As regard the EU's Cyprus regime in Council Regulation (EC) No 866/2004, I am sure Article 4 would go down a treat, viz:
… goods may be introduced in the areas under the effective control of the Government of the Republic of Cyprus, on condition that they are wholly obtained in the areas not under effective control of the Government of the Republic of Cyprus or have undergone their last, substantial, economically justified processing or working in an undertaking equipped for that purpose in the areas not under the effective control of the Government of the Republic of Cyprus.
This is especially as the quantities crossing the line have to be registered with the authorities and the crossings are limited to designated crossing points. The goods have to be accompanied by a document issued by the Turkish Cypriot Chamber of Commerce and, after the crossing, the Cyprus authorities check the authenticity of the documents and whether the correspond with the consignments – which involves a physical inspection of all loads.
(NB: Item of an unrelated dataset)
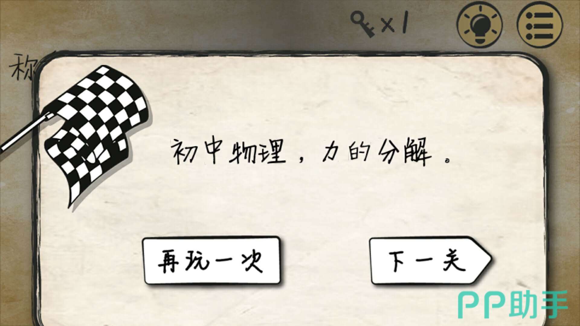 这一关的操作有点出乎意料,把手机反过来盖在桌面上,就能顺利通关啦!

Entertainingly, "the movement of live animals and animal products across the line shall be prohibited", now with the exception of fresh fish and honey.

This is the thing about Hannan. He is so full of himself, but the moment you subject any of his grandiose claims to scrutiny, they fall over. But the man is without shame. As fast as his crass ideas wilt into obscurity, he comes up with another, and another, before he then starts recycling all the original schemes that have already been discredited.

As for his views on Ireland, none other than Jean-Claude Piris was moved to intervene, saying that there had been no discriminatory treatment of the UK. It will be treated exactly like any other third country.

The Ireland issue, he says, is a consequence of the will of the British Government, not only to leave EU, but also the Customs Union and the Single Market. "It was known before the referendum", Piris adds, "that such a will would lead to a difficult dilemma".

Yet, Hannan will be back again next Sunday, spouting his nonsense, and the Sunday Telegraph will continue to give him top billing. That in itself tells us a great deal.

This corrosive stupidity has eroded the Brexit debate and clouded the minds of simple politicians to the point where there is no longer any sense to be had, with the paper effectively arguing for a "no deal" Brexit. Should the crowds at some later day burn down the Telegraph's London offices, we will understand why.